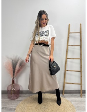 Falda midi de raso de lunares con elástico en la cintura. Tejido muy cómodo y suave.
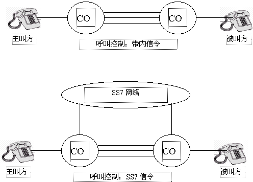 在任一個(gè)電話系統(tǒng)中,都要規(guī)定一些固定的信令機(jī)制來實(shí)現(xiàn)呼叫的建立和釋放。最初,象POTS(普通舊電話業(yè)務(wù))那樣的電話系統(tǒng)都是用帶內(nèi)信令來傳遞信息。帶內(nèi)信令是指信號(hào)的頻率在話音頻率范圍之內(nèi)(0.3~3.4kHz),比如:DTMF信號(hào)就屬于帶內(nèi)信號(hào)。帶內(nèi)信號(hào)是在話音通道內(nèi)傳遞的。相反,SS7使用一個(gè)完全獨(dú)立于話音網(wǎng)的數(shù)據(jù)網(wǎng)來傳遞信令,這樣可以大大提高電話網(wǎng)絡(luò)的利用率。比如,在呼叫發(fā)起但未建立完成之前,不需要分配話音電路,這使得傳遞的信令數(shù)據(jù)只和呼叫有關(guān)而和電路無關(guān),為在交換機(jī)之間、交換機(jī)和其它網(wǎng)絡(luò)之間高效、可靠地傳遞信息提供了可能。同時(shí)也支持更高級(jí)的應(yīng)用,如:主叫識(shí)別、無線漫游和800號(hào)業(yè)務(wù)。如下圖1,顯示出了帶內(nèi)信令和SS7在呼叫接續(xù)上的區(qū)別。
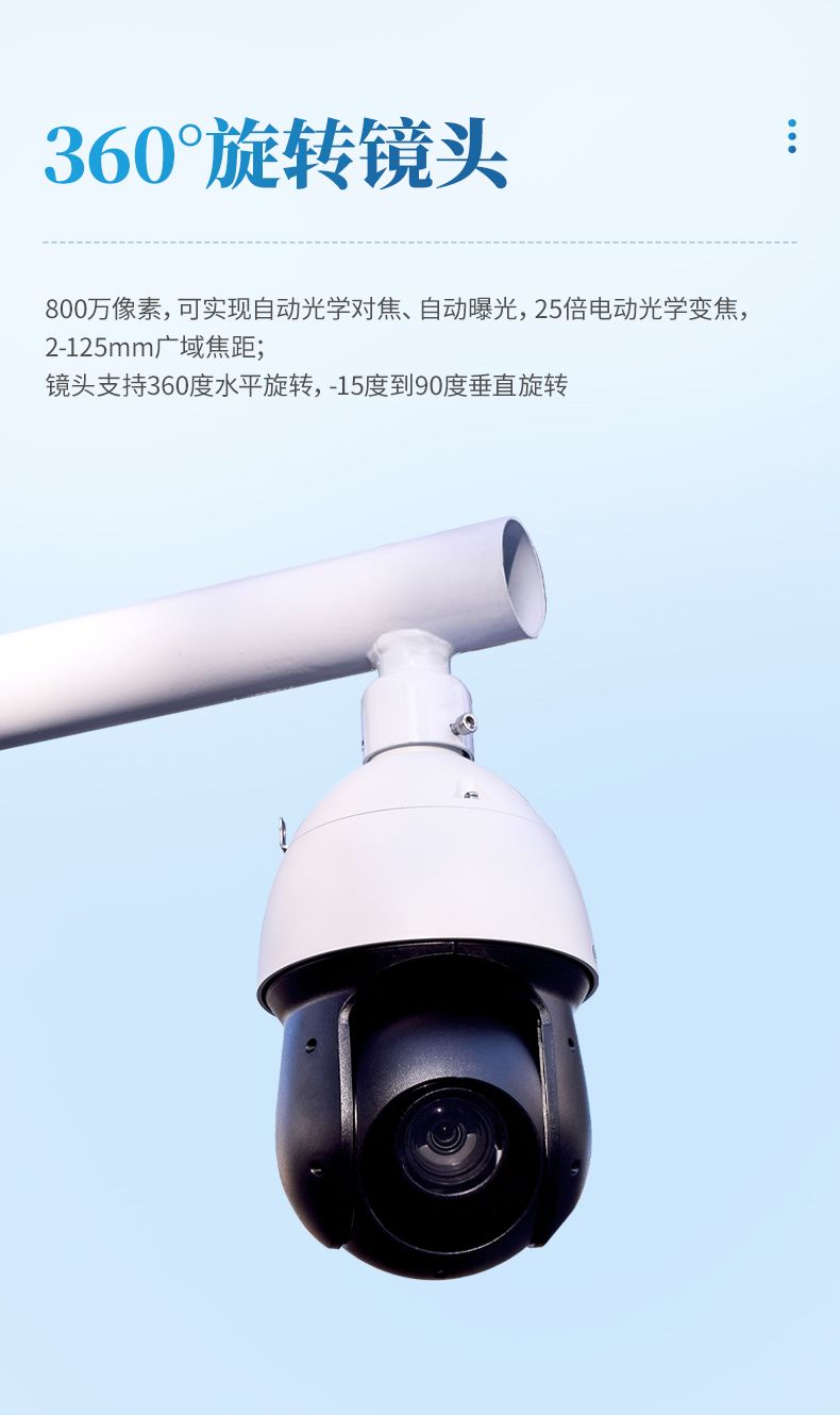 3. 攝像設(shè)備:800萬(wàn)像素,可實(shí)現(xiàn)自動(dòng)光學(xué)對(duì)焦、自動(dòng)曝光,25倍電動(dòng)光學(xué)變焦, 2mm-125mm廣域焦距;鏡頭支持360度水平旋轉(zhuǎn),-15度到90度垂直旋轉(zhuǎn)

#### WORK TASK
Return the listing above verbatim and exclude every picture.

#### OUTPUT FOR THIS EXERCISE
 Falda midi de raso de lunares con elástico en la cintura. Tejido muy cómodo y suave.
 在任一個(gè)電話系統(tǒng)中,都要規(guī)定一些固定的信令機(jī)制來實(shí)現(xiàn)呼叫的建立和釋放。最初,象POTS(普通舊電話業(yè)務(wù))那樣的電話系統(tǒng)都是用帶內(nèi)信令來傳遞信息。帶內(nèi)信令是指信號(hào)的頻率在話音頻率范圍之內(nèi)(0.3~3.4kHz),比如:DTMF信號(hào)就屬于帶內(nèi)信號(hào)。帶內(nèi)信號(hào)是在話音通道內(nèi)傳遞的。相反,SS7使用一個(gè)完全獨(dú)立于話音網(wǎng)的數(shù)據(jù)網(wǎng)來傳遞信令,這樣可以大大提高電話網(wǎng)絡(luò)的利用率。比如,在呼叫發(fā)起但未建立完成之前,不需要分配話音電路,這使得傳遞的信令數(shù)據(jù)只和呼叫有關(guān)而和電路無關(guān),為在交換機(jī)之間、交換機(jī)和其它網(wǎng)絡(luò)之間高效、可靠地傳遞信息提供了可能。同時(shí)也支持更高級(jí)的應(yīng)用,如:主叫識(shí)別、無線漫游和800號(hào)業(yè)務(wù)。如下圖1,顯示出了帶內(nèi)信令和SS7在呼叫接續(xù)上的區(qū)別。
 3. 攝像設(shè)備:800萬(wàn)像素,可實(shí)現(xiàn)自動(dòng)光學(xué)對(duì)焦、自動(dòng)曝光,25倍電動(dòng)光學(xué)變焦, 2mm-125mm廣域焦距;鏡頭支持360度水平旋轉(zhuǎn),-15度到90度垂直旋轉(zhuǎn)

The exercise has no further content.